Colorado has some of the country’s best outdoor recreation, and its National Forests are beloved by locals for the access they provide to unmatched hiking, climbing, mountain biking, ice climbing, backcountry skiing, and exploring. Three of Colorado’s National Forests — the Grand Mesa, Uncompahgre, and Gunnison — are undergoing a process called Forest Planning.
Forest Planning might sound boring, but it's where wilderness and Wild & Scenic rivers come from, and it shapes decisions like where you can snowmobile or ski, and what lands can get leased to private interests like timber.
Forest Planning is a multi-year effort to plan for how the Forests should be taken care of for the next 20-25 years. The last time the Grand Mesa, Uncomaphgre, and Gunnison National Forests plans were updated was 1983 (!). Just think: these new plans could last another 30 years, so your feedback on where there should be more campgrounds, better trail construction, less road development, and more could outlast many members of Congress. The short video below is a great explainer on Forest Planning, if you’re curious.
Outdoor Alliance and our Colorado partners have submitted three rounds of comments to the Forest Service, most recently on the Grand Mesa, Uncompahgre, and Gunnison National Forests scoping process. The goal of the scoping process is to collect feedback on proposed changes to the Forest Plan that assesses the big picture of how the Forests are best managed.
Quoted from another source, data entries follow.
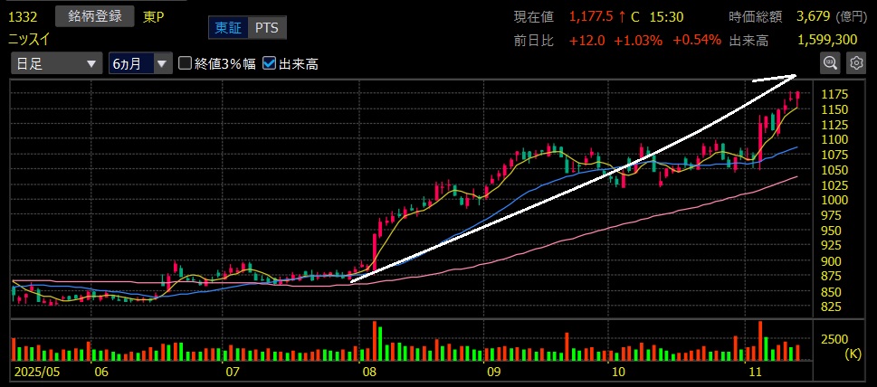 ニッスイ(1332)上場来高値更新🎉
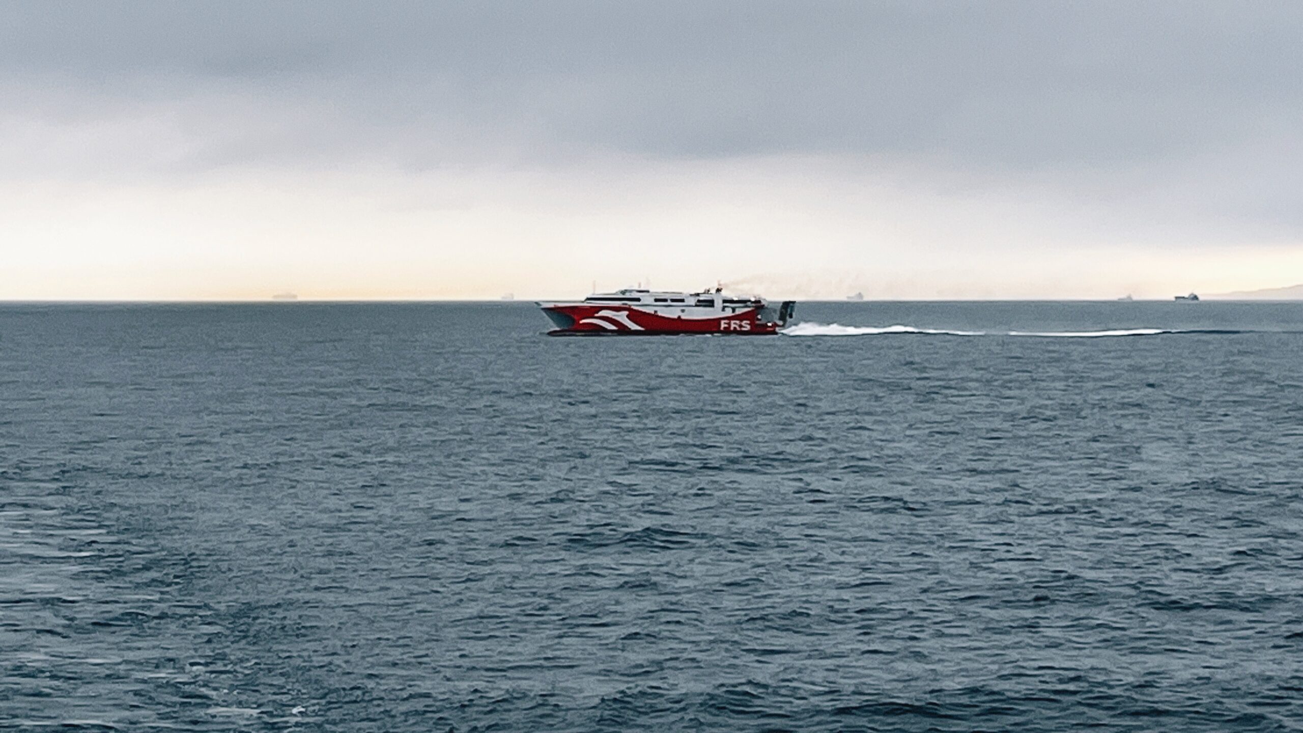 - A high speed ferry crossing our stern through the Straights.
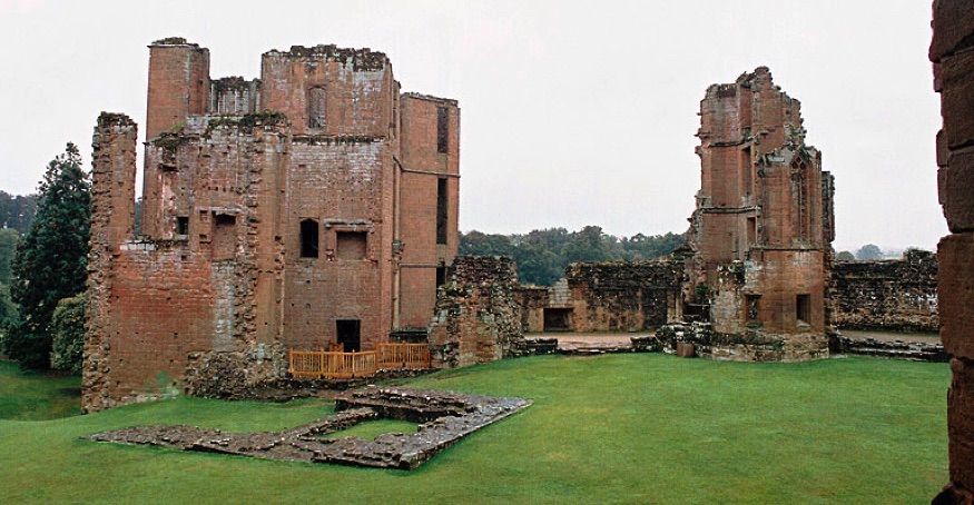 Viewed north west from the Inner Bailey; The bulding of the, Great Hall, 90ft. x 45ft. with a tower at each end, was
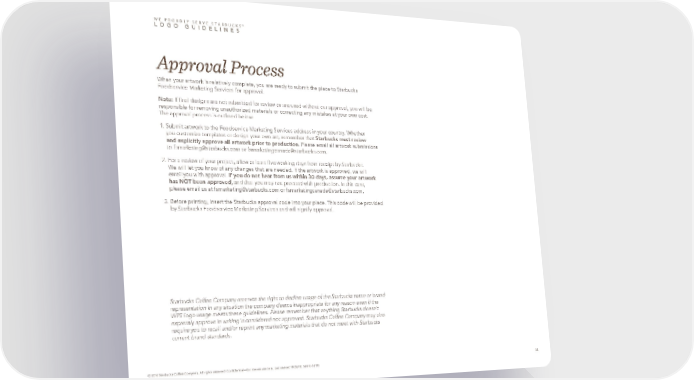 ™ WE PROUDLY SERVE STARBUCKS LOGO GUIDELINES Approval Process When your artwork is relatively complete, you are ready to submit the piece to Starbucks Foodservice Marketing Services for approval. Note: If final designs are not submitted for review or are used without our approval, you will be responsible for removing unauthorized materials or correcting any mistakes at your own cost. The approval process is outlined below: 1. Submit artwork to the Foodservice Marketing Services address in your country. Whether you customize templates or design your own art, remember that Starbucks must review and explicitly approve all artwork prior to production. Please email all artwork submissions to fsmarketing@starbucks.com or fsmarketingcanada@starbucks.com. 2. For a review of your project, allow at least five working days from receipt by Starbucks. We will let you know of any changes that are needed. If the artwork is approved, we will email you with approval. If you do not hear from us within 30 days, assume your artwork has NOT been approved, and that you may not proceed with production. In this case, please email us at fsmarketing@starbucks.com or fsmarketingcanada@starbucks.com. 3. Before printing, insert the Starbucks approval code into your piece. This code will be provided by Starbucks Foodservice Marketing Services and will signify approval. Starbucks Coffee Company reserves the right to decline usage of the Starbucks name or brand representation in any situation the company deems inappropriate for any reason even if the WPS logo usage meets these guidelines. Please remember that anything Starbucks doesn’t expressly approve in writing is considered not approved. Starbucks Coffee Company may also require you to recall and/or reprint any marketing materials that do not meet with Starbucks current brand standards. © 2014 Starbucks Coffee Company. All rights reserved. Confidential—for internal use only. Last revised 11/26/14. SJB14-34174 11
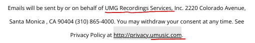 And in the website’s privacy policy, which is generic Universal Music privacy policy that they use for all of their stores.

Outdoor Alliance shared the opportunity to submit comments to the Forest Service with its folks in Colorado (sign up here if you want to make sure to get reminders about future public comment periods). We also submitted a comment letter from Outdoor Alliance and our regional network in Colorado.
In brief, here’s what we had to say:
- It’s great to see the Forest Service recognizing how important outdoor recreation is on these forests, especially since recreation is world-renowned on the forests and valuable for residents and for businesses attracting employees in the region.
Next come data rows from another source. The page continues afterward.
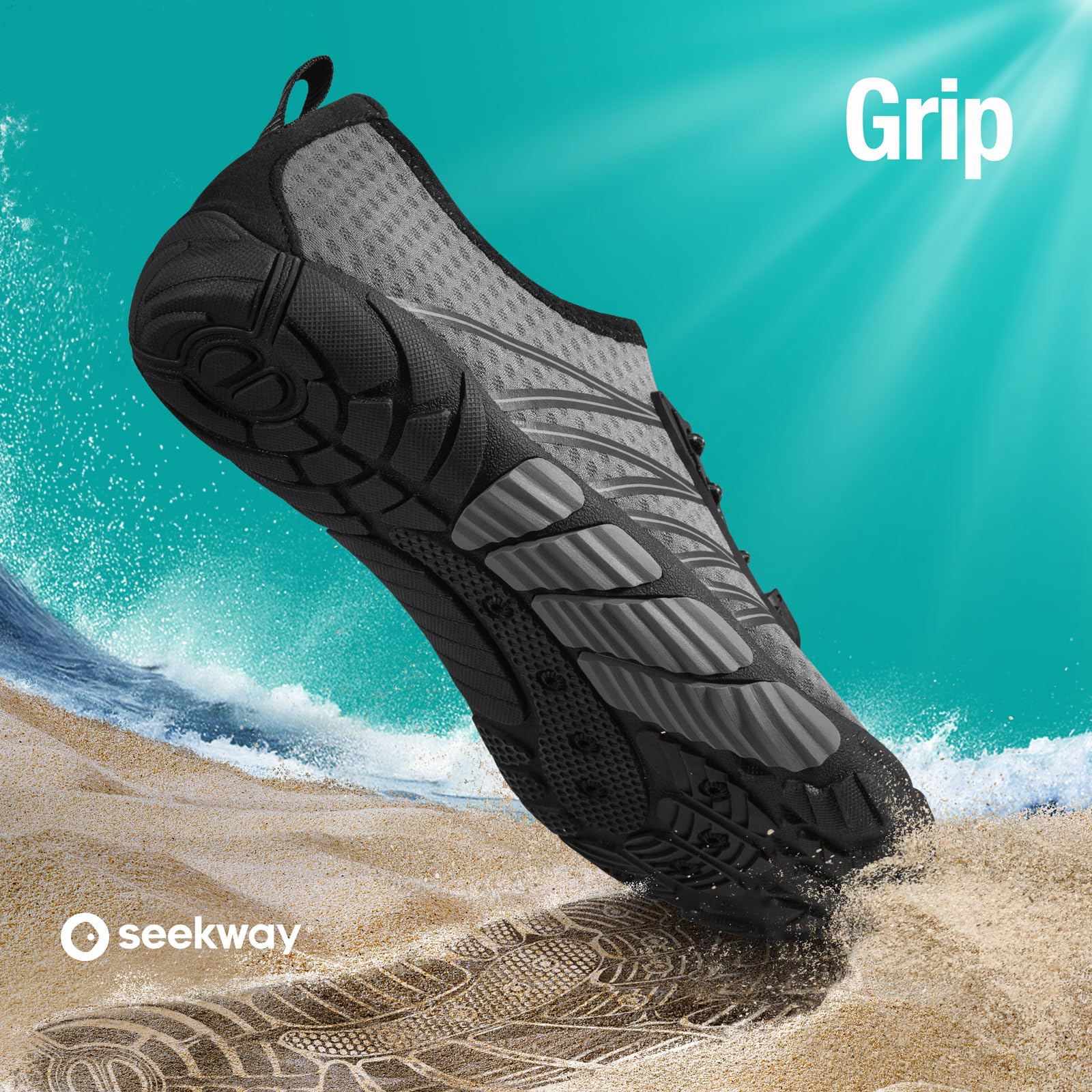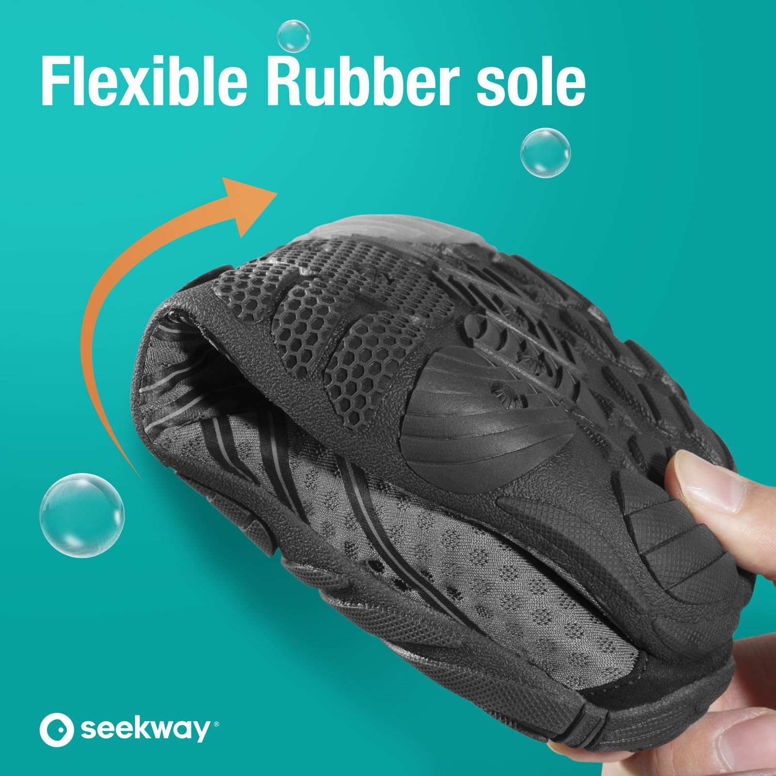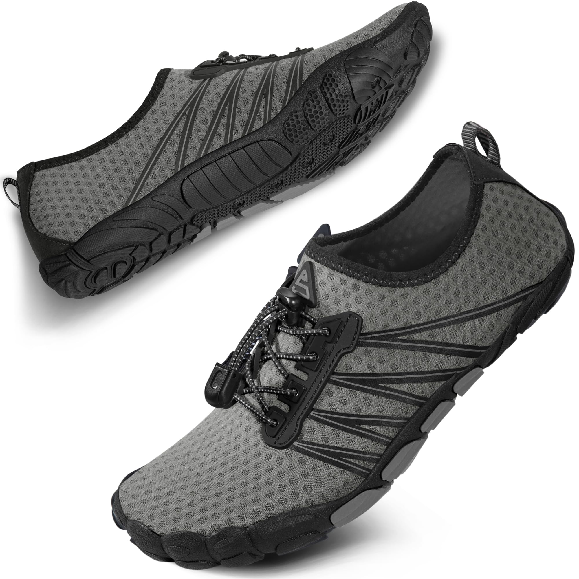 All-round Protection:Thick rubber soles and a toe cap keep your feet completely protected from sharp objects and provide great cushioning. The 3D non-slip treads provide exceptional grip even in slippery conditions. This makes it a great choice for outdoor sports.
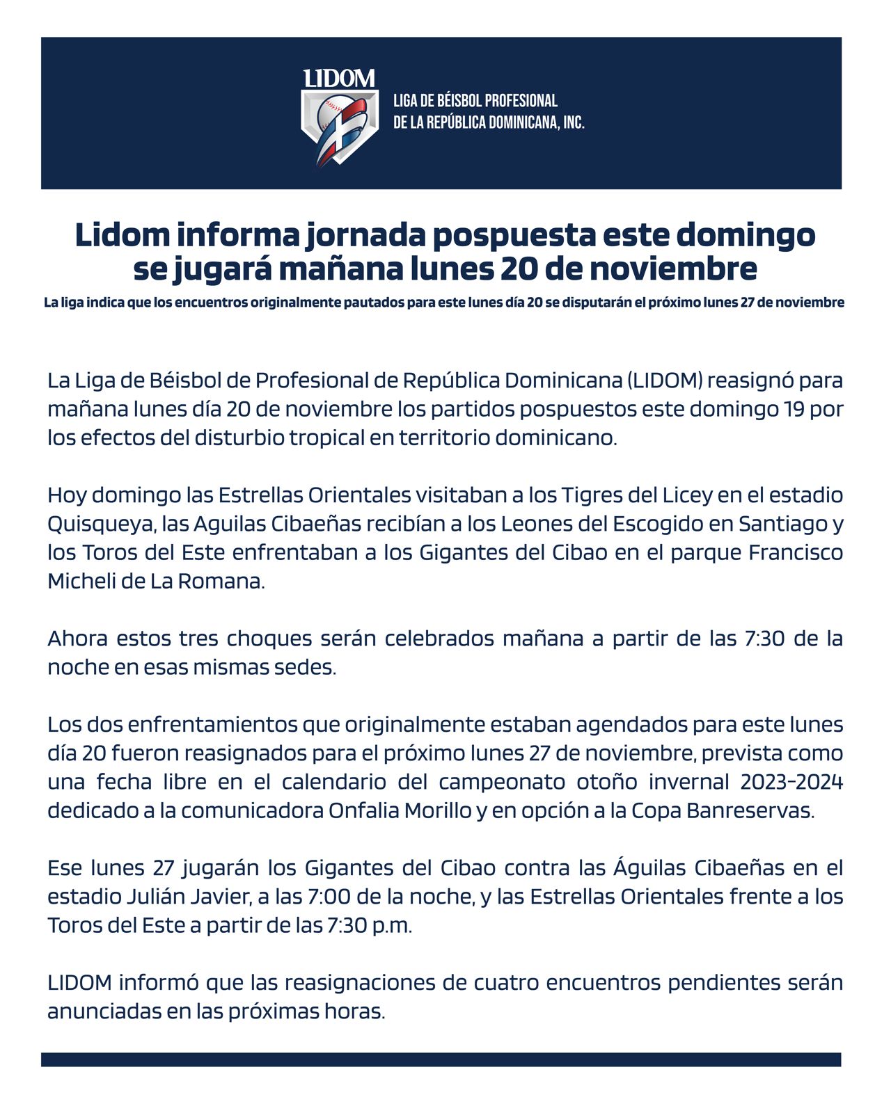 LIDOM informa jornada pospuesta este domingo se jugará mañana lunes 20 de noviembre
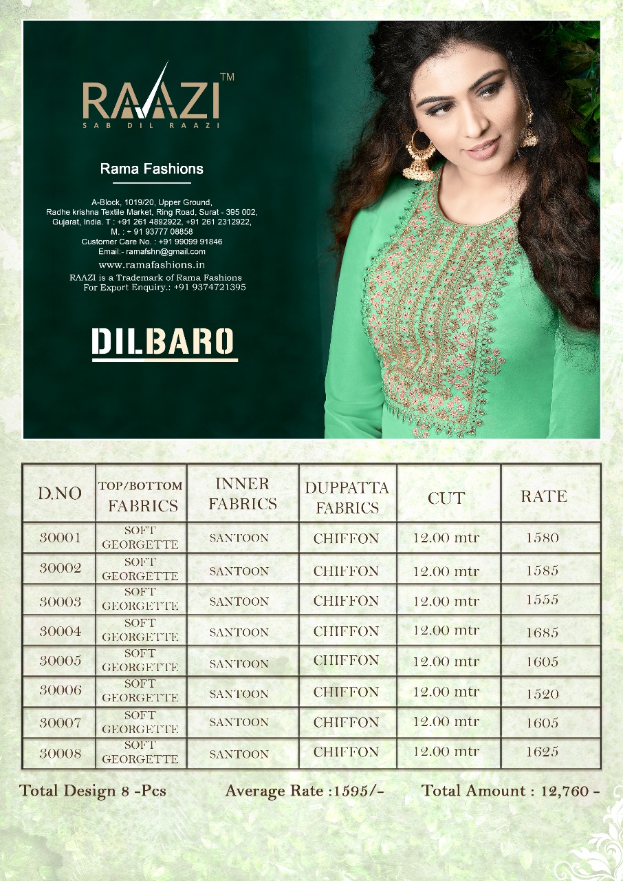 Buy Online Dilbaro By Rama Raazi 30001 Series Designer Party Wear Sarara Suit Catlog Wholesale Dealer And Supplier Surat 8 Pcs of Full Catalogue at Wholesale Price. Looking for Dilbaro By Rama Raazi 30001 Series Designer Party Wear Sarara Suit Catlog Wholesale Dealer And Supplier Surat Full Catalouge at Best Price? Buy Now Dilbaro By Rama Raazi 30001 Series Designer Party Wear Sarara Suit Catlog Wholesale Dealer And Supplier Surat at Wholesale Rate of Rs 12760 with Total 8 Pcs from authroized dealer and supplier of Brand. Cost of Each piece is just only Rs 1595 which is very low and affordable price to resale the product in your retail store ,This is Surat based Wholesale Supplier & Dealer of Brand. Click on Brand name to Know more about Brand's products.Call or Whatsapp on 9898838984 for booking or enquiry

- We provided a geodatabase with information about climbing, mountain biking, backcountry skiing, and whitewater runs so that the Forest Service could see where all the outdoor recreation is, and better balance outdoor recreation with other needs and uses.
- Managing and improving outdoor recreation requires thinking about issues like noise, viewsheds, trail density, access to parking and trailheads, and sustainability and safety.
- Climate change should be a major consideration of the forest, and it particularly affects winter recreation.